Der geheimnisvolle Porsche
Vor einigen Jahren ging ich mit einem guten Freund campen. Wir durften das neue VW-Büssli seines Vaters ausleihen und wollten damit auf dem Klausenpass übernachten. Als wir in die Garage kamen, zog etwas anderes unsere Aufmerksamkeit auf sich: Ein Porsche 911 T (Baujahr 1971) stand mit Plattfuss und Spinnweben in der Nähe vom Büssli. Völlig fasziniert gingen wir um das Auto herum und zogen versuchsweise an der Tür. Widerwillig sprang sie auf. Der Geruch, der uns entgegenschlug, ist kaum zu beschreiben – irgendwas zwischen Aschenbecher und nassem Hund.
Während des ganzen Camping-Trips dachten wir an den Porsche und überlegten, was wohl sein Schicksal gewesen ist. Das Auto liess mich nicht mehr los – ich wollte seine Geschichte erfahren. Also fragte ich bei der Hausverwaltung nach, dort konnte (oder wollte) man mir aber keine Auskunft zum Parkplatz-Mieter geben.

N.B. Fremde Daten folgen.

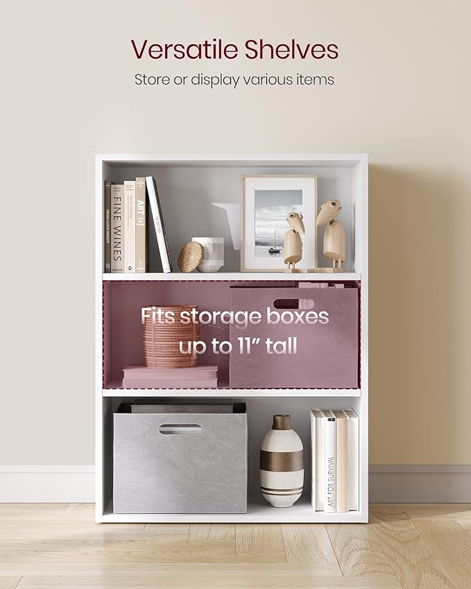 VASAGLE CUSTOS Collection - Bookshelf, 3-Tier Bookcase, Book Shelf, Open Storage Shelf, 9.4 x 23.6 x 32 Inches, for Living Room, Home Office, Dinning Room, Cloud White ULBC163T14
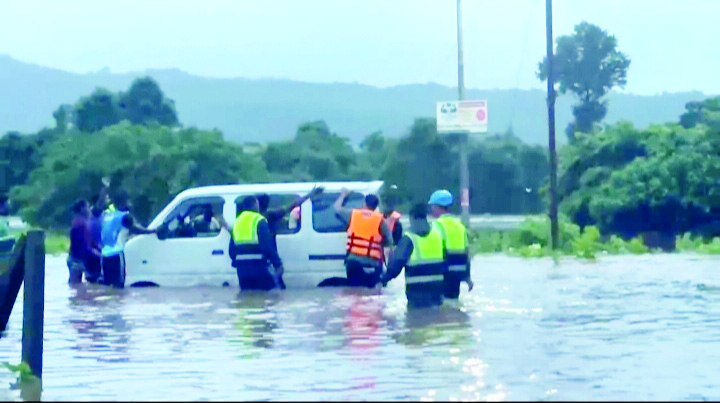 पुरात अडकलेल्या दोन वाहनांना केले रेस्क्यू
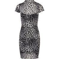 Buffalo Maxikleid mit Animalprint, Schlitz und Volant, Flügelärmel, Druckkleid
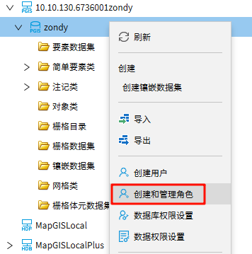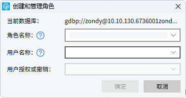 - 在GDBCatalog窗口中数据库右键节点选择创建和管理角色按钮,弹出创建和管理角色界面(需要当前连接用户为超级用户)。
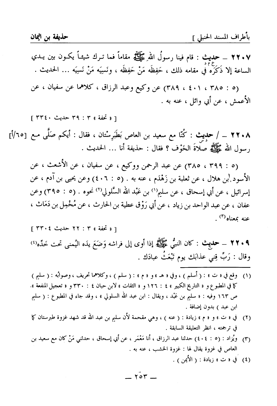 2208 -[د س] حديث: كنا مع سعيد بن العاص بطبرستان فقال: أيكم صلى مع رسول الله صَلَّى اللَّهُ عَلَيْهِ وَسَلَّمَ صلاة الخوف؟ فقال: حذيفة أنا ... ... . الحديث (5: 399، 385) عن عبد الرحمن ووكيع عن سفيان عن الأشعث عن الأسود بن هلال عن ثعلبة بن زهدم عنه به (5: 406) وعن يحيى بن آدم عن إسرائيل عن أبي إسحاق عن سليم بن عبد الله السلولي نحوه (5: 395) وعن عفان عن عبد الواحد بن زياد عن أبي روق عطية بن الحارث عن مخمل بن دماث عنه بمعناه
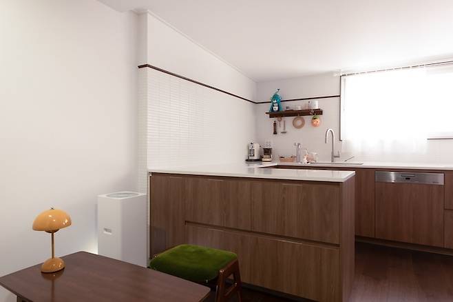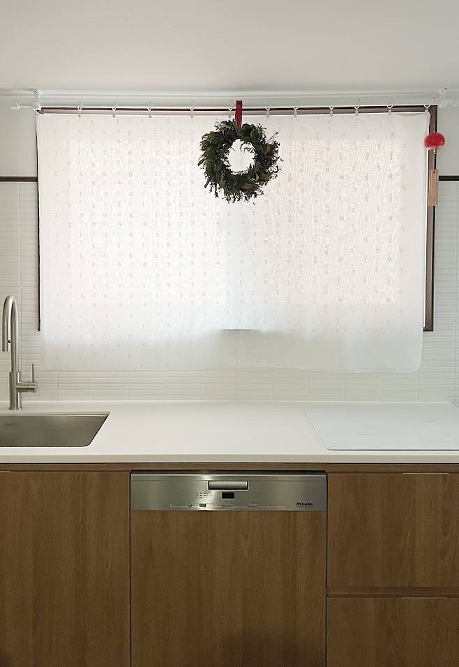 그래서 개수대-식기세척기-인덕션 순서로 정하고, 상부장을 없애면서 후드도 설치하지 않았기 때문에 큰 창이 후드 역할을 대신할 수 있도록 인덕션은 창 앞에 배치했어요.
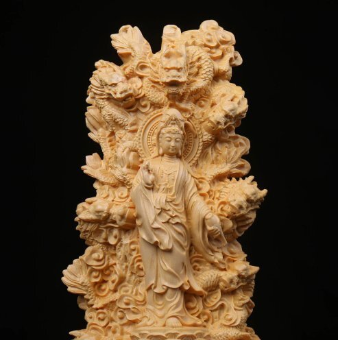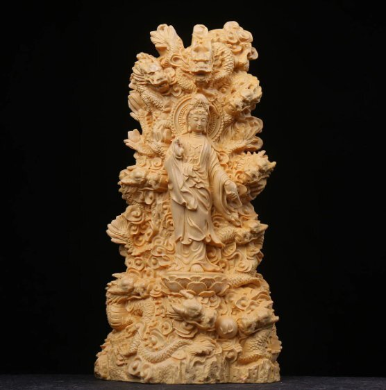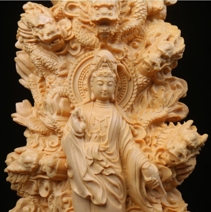 ひのき精彫九龍観音仏像置物御龍菩薩(ごりゅうぼさつ)住居寺仏堂装飾工芸品
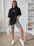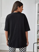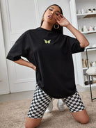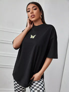 للنساء - تي شيرت كبير الحجم بطباعة فراشة وأكتاف منسدلة
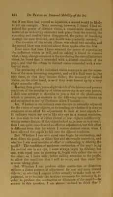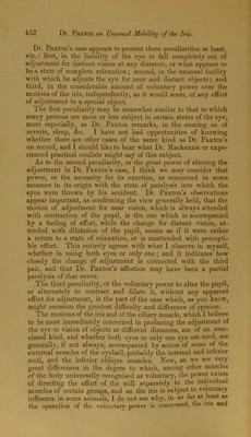 On unusual mobility of the iris, his own case / by John Paxton ... with remarks by Dr. Allen Thomson, in a letter to the editor. Further remarks on Dr. Paxton's case, with observations on the structure and action of the parts concerned in the focal adjustment of the eye / by Allen Thomson.
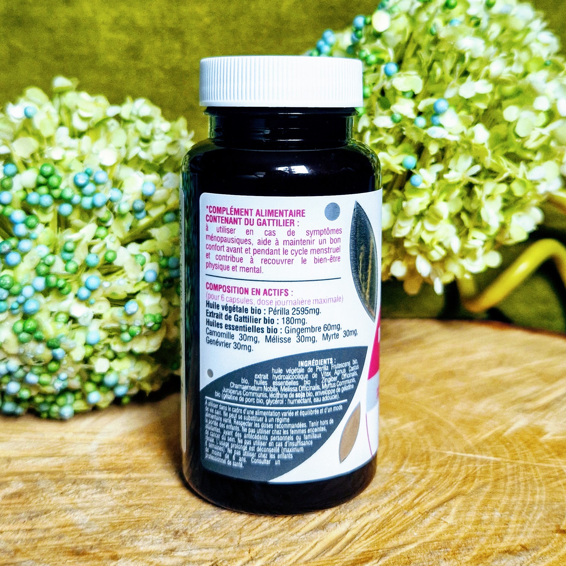 Riche en oméga 3, l’huile de périlla bio offre un acide gras essentiel au bon fonctionnement de l’organisme. L’extrait de gattilier bio est réputé pour sa capacité à veiller au bien-être général avant et pendant le cycle menstruel. L’huile essentielle de gingembre bio est connue pour ses propriétés stimulantes et aphrodisiaques. L’huile essentielle de camomille bio est considérée comme un véritable antistress naturel. Elle manifeste des propriétés relaxantes et pourrait être en mesure de calmer le système nerveux.

Also stattete ich dem Auto abermals einen Besuch ab und suchte nach Hinweisen auf seinen Besitzer. Bei meiner Inspektion entdeckte ich nicht nur Kaugummipapiere von Marken, die es längst nicht mehr gibt, sondern auch, dass 1986 die letzte Autobahnvignette aufgeklebt worden ist.
Auf der Sonnenblende wurde ich schliesslich fündig. Dort klemmte, säuberlich gefaltet, eine Einladung zum 15. Hochzeitstag am Samstag, 30. August 1986. Adressiert war sie an Julia und Peter – jetzt hatte ich wenigstens den Namen des Besitzers! Mit zwei Vornamen (vor allem so geläufigen) kommt man allerdings nicht sehr weit. Auf dem Brief hatte es zum Glück auch einen Absender, und mit ein bisschen Recherche im Telefonbuch fand ich heraus, dass die Gastgeber von damals noch immer in der Gegend wohnen.

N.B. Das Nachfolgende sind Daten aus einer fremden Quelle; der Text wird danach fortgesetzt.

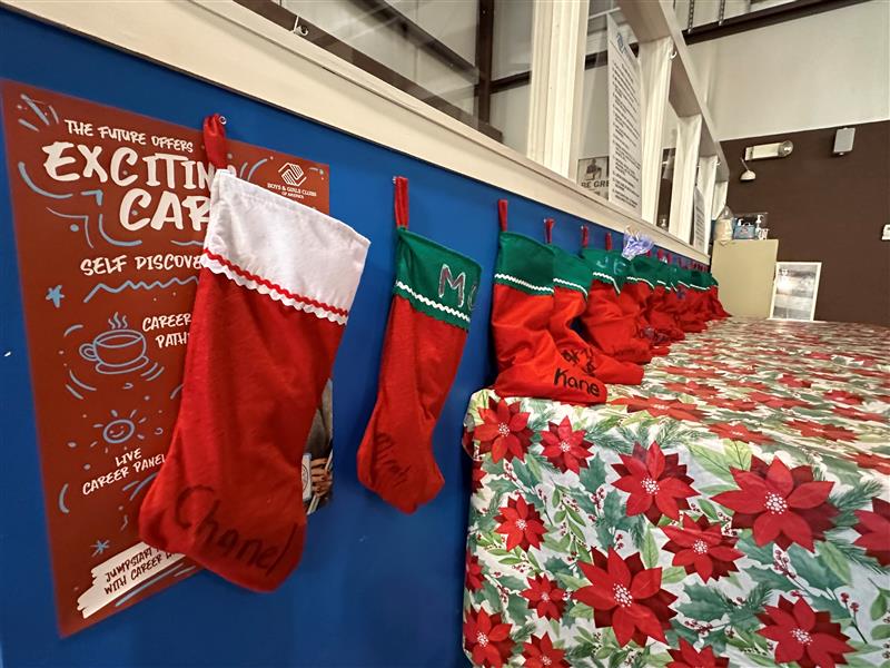 Stockings with the names of local youth hang inside the Charles A. Hamilton Teen Center. (Joey Blackwell / Alabama News Center)

Das ältere Ehepaar staunte nicht schlecht, als ich mit einem Foto vom Einladungsbrief vor der Tür stand, und liess mich herein. In der hellen, stilvoll eingerichteten Wohnung erklärte ich den beiden, was mich zu ihnen geführt hatte. Natürlich konnten sie sich noch an das Fest vor vierzig Jahren erinnern und auch an Julia Meier (ausgerechnet der zweithäufigste Nachname der Schweiz) und ihre Begleitung. Sie freuten sich über die schöne Erinnerung, konnten das Geheimnis um den Porsche jedoch nicht lüften, weil sie Julia und Peter schon lange aus den Augen verloren hatten.
Seither war ich nicht mehr beim Porsche und weiss nicht, ob er überhaupt noch in der Garage steht. Ab und zu kommt er mir wieder in den Sinn. Dann frage ich mich: «Was geschah 1986? Haben sich Julia und Peter getrennt und er ist mit seiner Neuen ins Ausland abgehauen? Im Auto lagen seltsame Pillen – vielleicht stürzte er in eine Drogensucht? Oder vergass er schlicht, wo er seinen Porsche abgestellt hat?» Die ganze Geschichte werde ich wohl nie erfahren. Und genau das macht dieses Auto so geheimnisvoll.